Petang minggu lalu, menjelang selepas jam kerja, suasana ceria terdengar dari para mbak-mbak ART di halaman belakang rumah. Dari depan terdengar mereka menyebutkan sebaris kalimat, lalu tertawa riuh bersama. Terdengar lagi menyebutkan sebaris kalimat yang lain, diikuti gelak tawa riuh mereka lagi bersama-sama. Dan akhirnya mencapai puncaknya ketika mereka menyebut ungkapan, "Semua akan indah pada waktunya," maka pecahlah gelak tawa mereka yang berderai-derai, sambil disertai seruan "Huuu!"

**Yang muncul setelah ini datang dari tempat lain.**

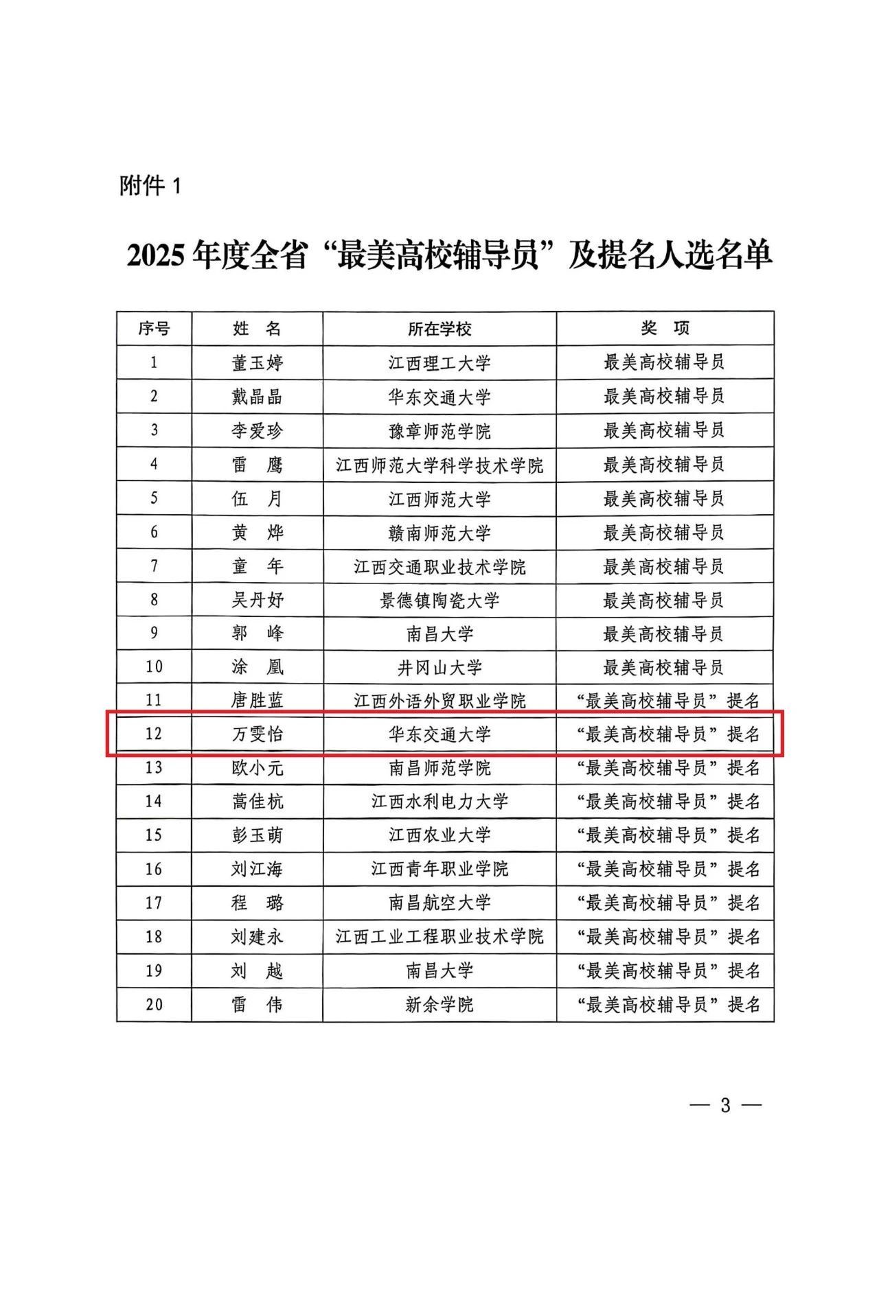 近日,中共江西省委宣传部和江西省教育厅联合发文公布2025年度全省“最美高校辅导员”“最美大学生”推选结果,德赢官网学工办主任兼团委书记万雯怡老师荣获全省“最美高校辅导员”提名。这是德赢官网在全省“最美高校辅导员”评选中的首个奖项,这一荣誉不仅是对万雯怡老师坚守辅导员岗位潜心育人的充分肯定,也是德赢官网扎实推进辅导员队伍建设的生动体现。

Rupanya, mereka tengah mengolok-olok kebiasaan teman mereka di media sosial yang gemar memposting kalimat-kalimat klise. Di era modern ini, meskipun mereka mungkin tidak terlatih dalam merumuskan kalimat dengan akurat, namun mereka dengan cepat dapat mendeteksi ungkapan-ungkapan klise nan dangkal yang sering muncul di media sosial.
Situasi ini mengingatkan saya pada prinsip yang berlaku luas: "Jalan menuju ketidakmutuan dihiasi oleh platitude-platitude." Istilah "platitude" memang belum memiliki terjemahan yang tepat dalam bahasa Indonesia, namun seperti yang diilustrasikan dalam cerita di atas, platitude mengacu pada kata-kata atau ungkapan yang terdengar indah dan berbunga-bunga, tetapi sebenarnya kosong, klise, basi, dangkal, diulang-ulang tanpa orisinalitas, dan tidak memiliki makna yang mendalam.
Contoh yang sering kita temui adalah dalam praktik mindfulness, di mana kita sering mendengar anjuran seperti "let it go" atau “sekedar disadari saja”. Penggunaan kata "let it go" atau “sekedar disadari saja” telah menjadi klise dan dangkal, seolah-olah hanya dengan mengucapkannya, kita telah berhasil mengimplementasikannya.
Adalah penting untuk memahami bahwa penggunaan platitude dalam konteks praktik mindfulness dapat memerosotkan maknanya. Dalam latihan mindfulness, kita ingin untuk menjadi lebih orisinal dan efektif. Kita perlu memilih kata-kata dengan bijak dan dengan penuh pertimbangan berusaha menghindari klise.
Kita perlu memilih kata-kata dengan bijak dan dengan penuh pertimbangan berusaha menghindari klise.
Namun, apakah seharusnya kita menghindari penggunaan ungkapan populer seperti "let it go"?
Menggunakan kata-kata terkenal sebagai aspirasi, cita-cita, atau tujuan tetap boleh dilakukan, asalkan kita melakukannya dengan penuh kesadaran dan menghubungkannya dengan tindakan konkret yang memberikan manfaat nyata. Sebagai contoh, kita bisa merenungkan situasi konkret di mana kita perlu benar-benar melepaskan sesuatu dan kemudian mengimplementasikan "let it go" dengan tindakan yang bermanfaat bagi diri sendiri dan orang lain.
Menggunakan kata-kata terkenal sebagai aspirasi, cita-cita, atau tujuan tetap boleh dilakukan, asalkan kita melakukannya dengan penuh kesadaran dan menghubungkannya dengan tindakan konkret yang memberikan manfaat nyata.
Di samping menghubungkannya dengan tindakan konkret, syukur-syukur apabila tindakan konkret itu adalah berasal dari pengalaman pribadi sehingga berarti kita punya skin in the game dalam gagasan yang kita sampaikan itu. Berikutnya, akan lebih baik lagi kalau kita juga menyertakan sebuah konteks. Dengan demikian menunjukkan pemahaman yang bonafide atas sebuah gagasan bahwa gagasan itu berlaku pada suatu konteks tertentu yang spesifik.
Dengan pemahaman yang lebih mendalam tentang makna sebenarnya dari platitude dan usaha untuk lebih kreatif dalam menyampaikannya, kita dapat menghindari jebakan klise dan membangun pemahaman yang lebih mendalam terhadap pesan-pesan yang ingin kita sampaikan kepada orang lain. Begitu pula, kita harus berhati-hati dalam penggunaan kalimat yang mungkin terdengar indah tetapi kehilangan makna sejati.
Dalam dunia mindfulness, makna yang sesungguhnya di balik kata-kata adalah yang utama. Yuk, kita bersama-sama menjauhi kata-kata hampa dan menjadikan kata-kata sebagai pilihan sarana cerdas bagi pertumbuhan pribadi dan kedamaian batin. Bagaimana pendapat kawan-kawan pembaca sekalian?
Dalam dunia mindfulness, makna yang sesungguhnya di balik kata-kata adalah yang utama.